TASK OBJECTIVE: Word for word, repeat the data; no picture should appear in the result.

RAW DATA:
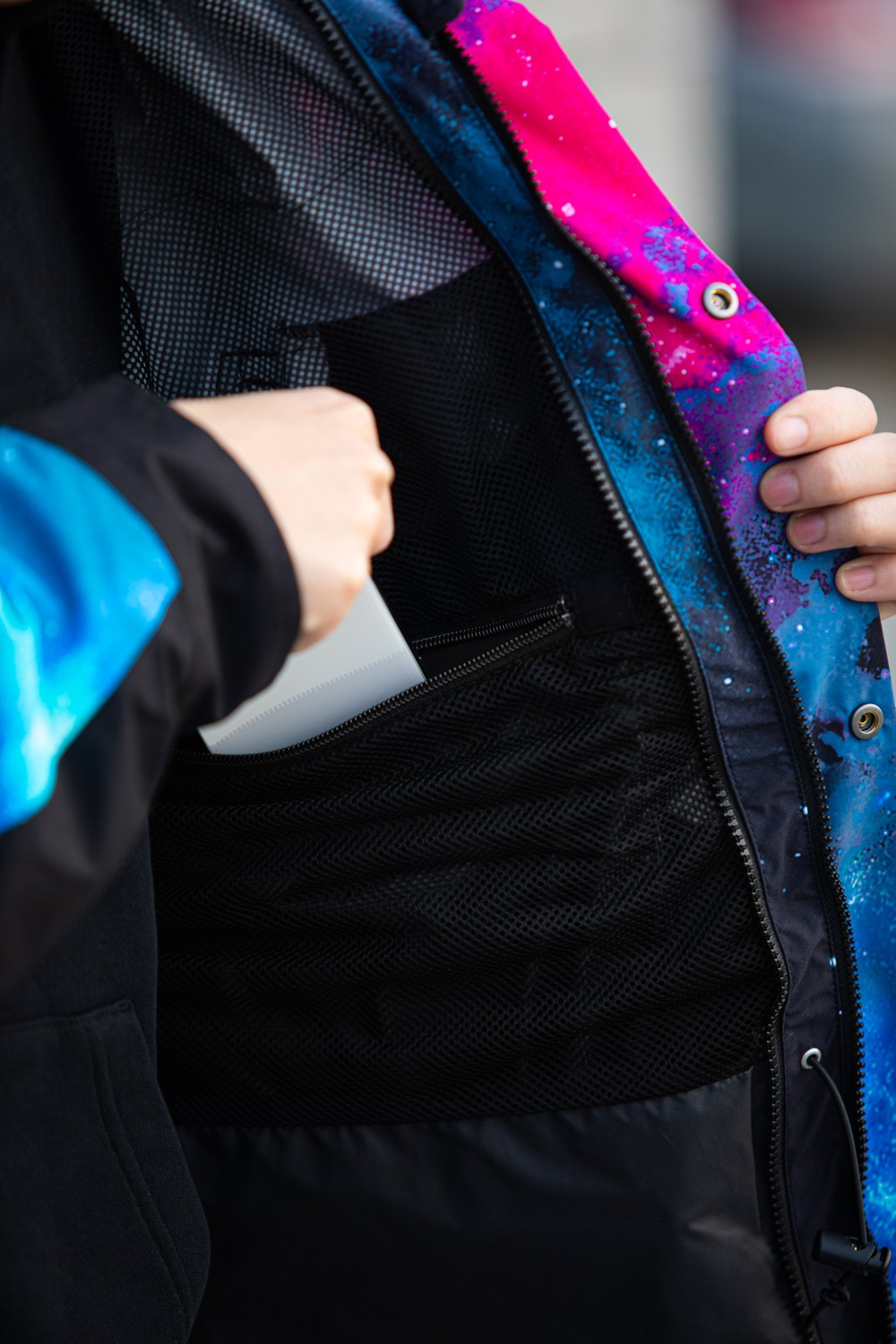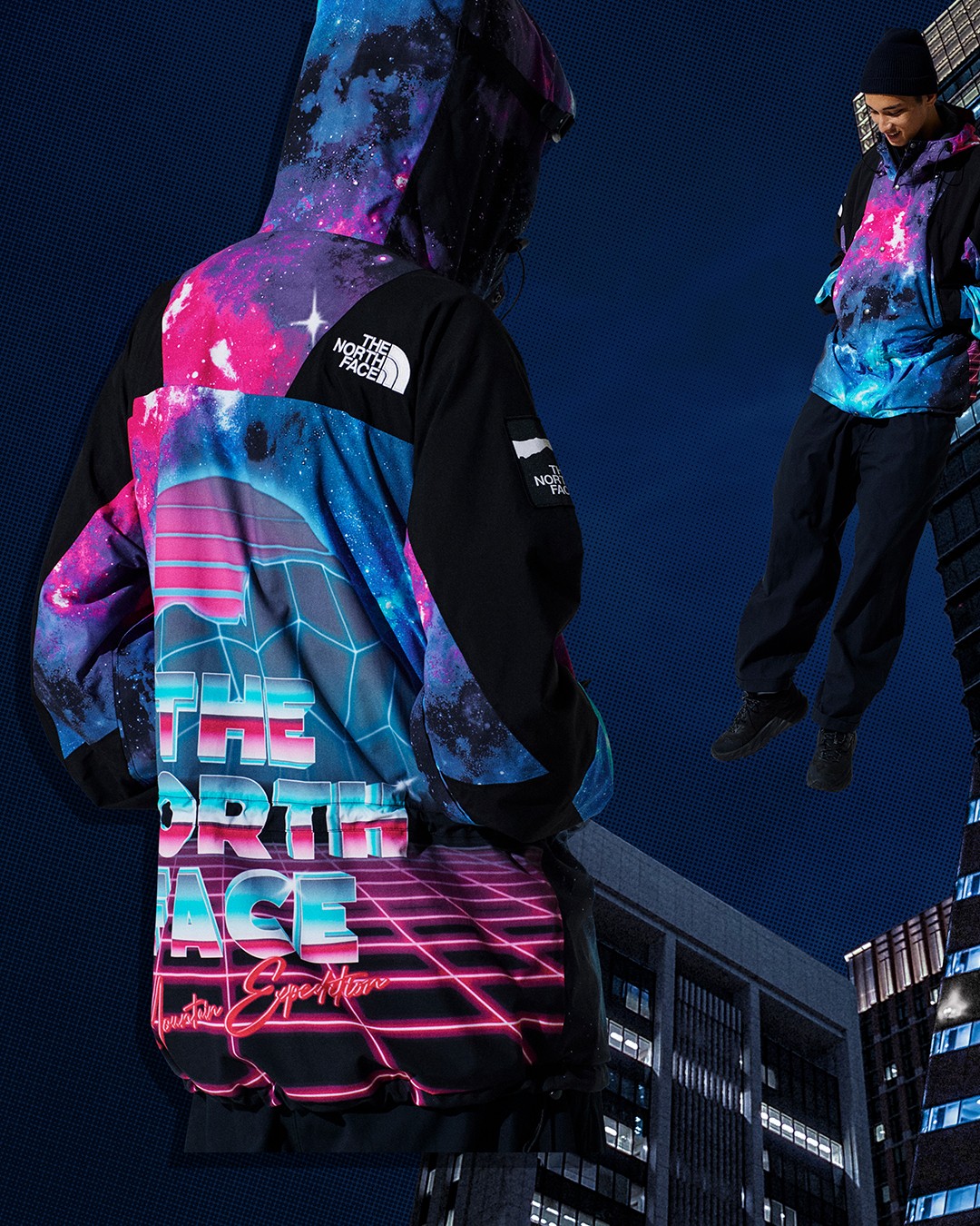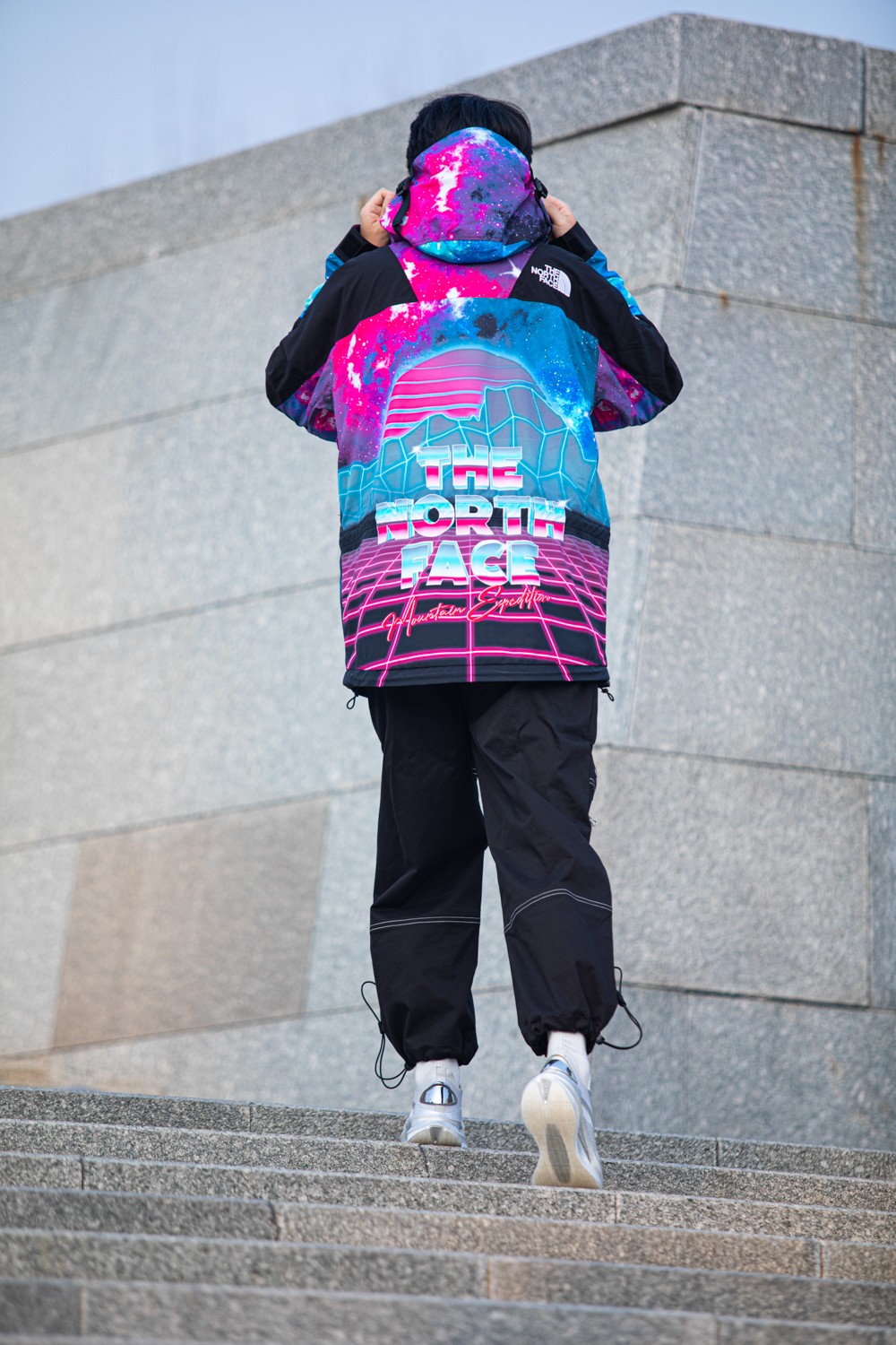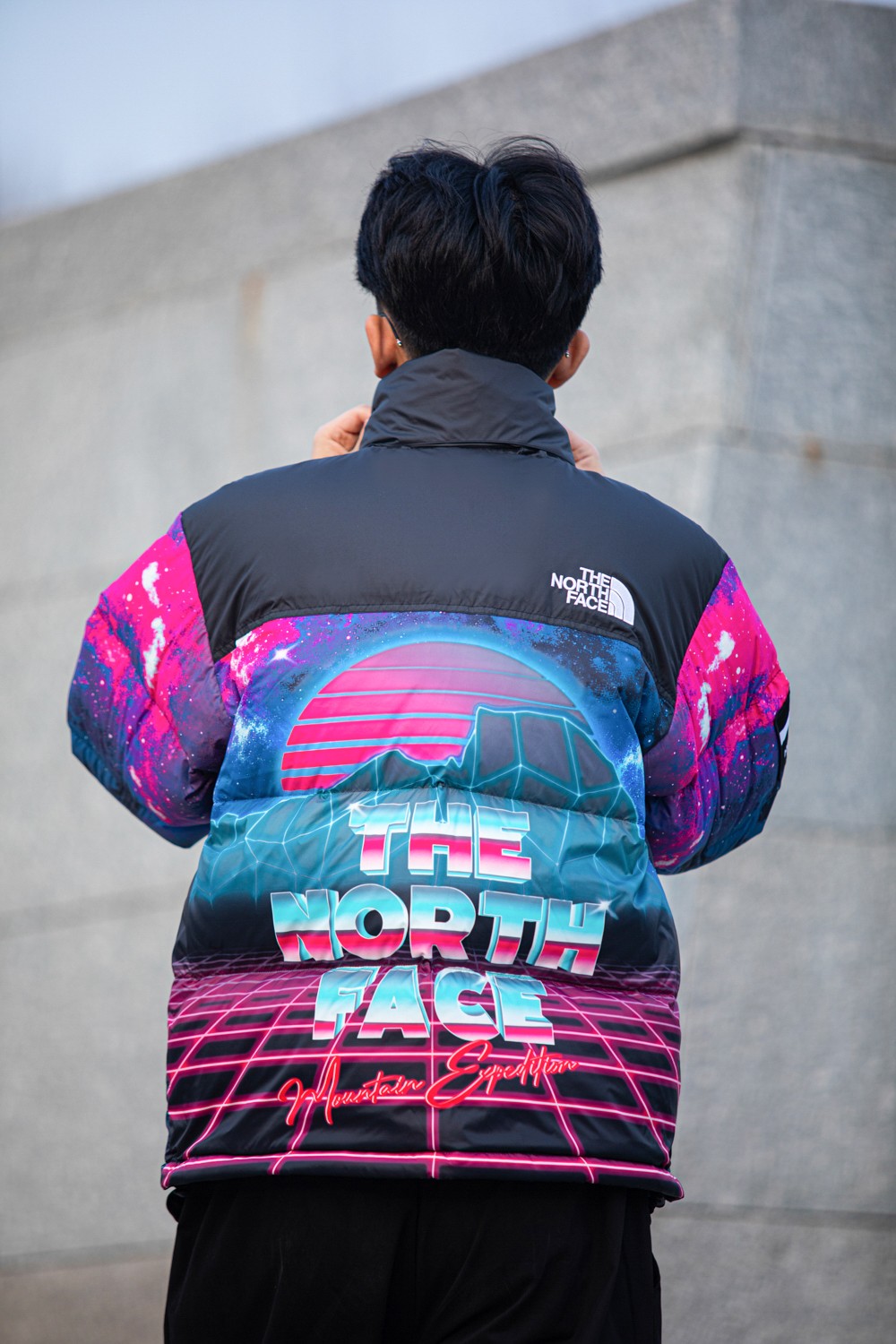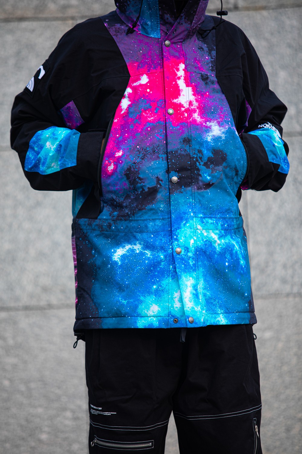不同于 The North Face 羽绒服经典的撞色设计,此次合作将炫酷的霓虹和宇宙星空图案注入单品,营造出赛博朋克的未来感。
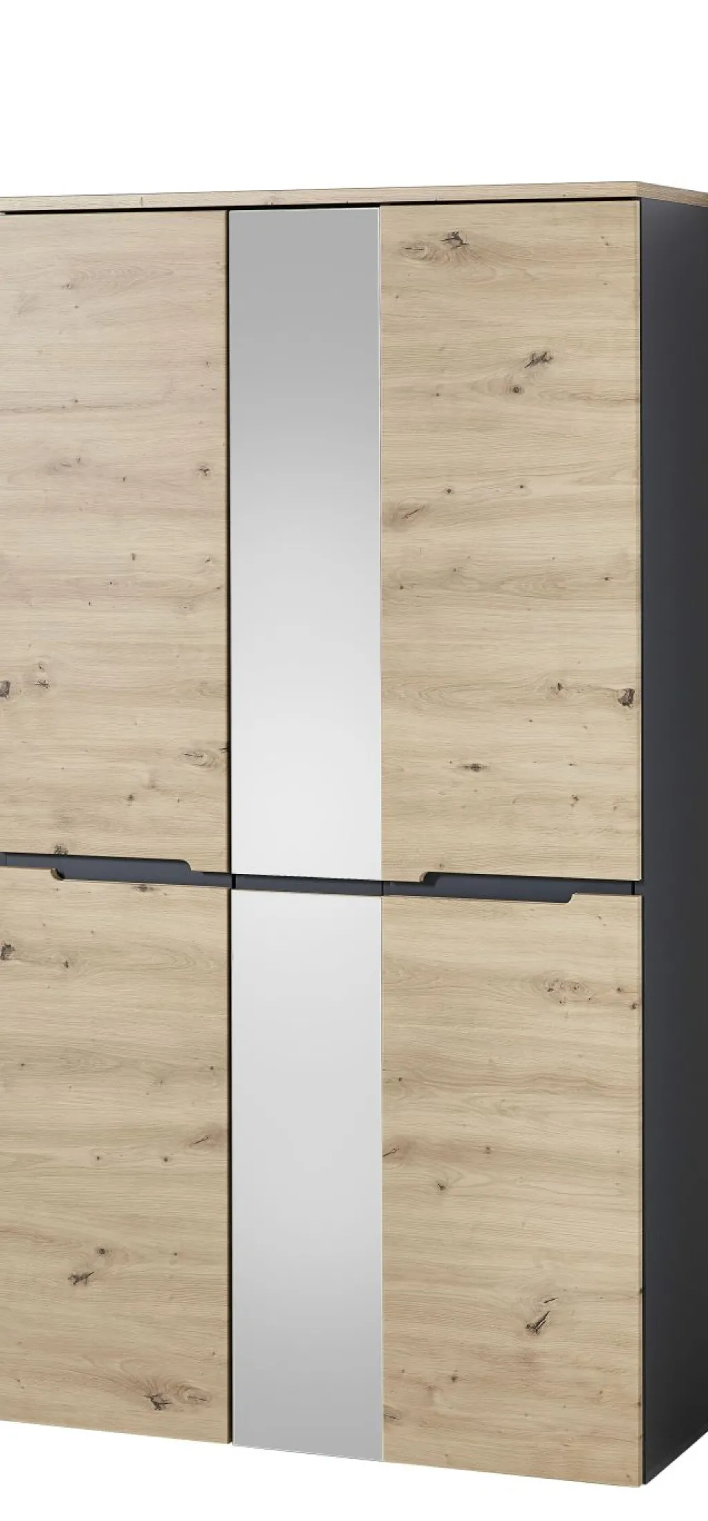 Façade : MDF décor chêne Artisan et contrastes ton graphite / miroir
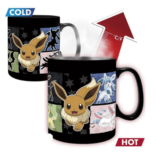 Pokémon – Kubek zmieniający kolor – Eevee od ABYstyle to wyjątkowy gadżet dla fanów uroczej Eevee i jej ewolucji! Wlej gorący napój i zobacz, jak na kubku pojawia się Eevee wraz z jej legendarnymi formami – od Vaporeona po Umbreona. Magiczny efekt zmiany koloru sprawia, że każdy poranek zamienia się w prawdziwą przygodę Pokémon!

OUTPUT OF THE TASK:
不同于 The North Face 羽绒服经典的撞色设计,此次合作将炫酷的霓虹和宇宙星空图案注入单品,营造出赛博朋克的未来感。
 Façade : MDF décor chêne Artisan et contrastes ton graphite / miroir
 Pokémon – Kubek zmieniający kolor – Eevee od ABYstyle to wyjątkowy gadżet dla fanów uroczej Eevee i jej ewolucji! Wlej gorący napój i zobacz, jak na kubku pojawia się Eevee wraz z jej legendarnymi formami – od Vaporeona po Umbreona. Magiczny efekt zmiany koloru sprawia, że każdy poranek zamienia się w prawdziwą przygodę Pokémon!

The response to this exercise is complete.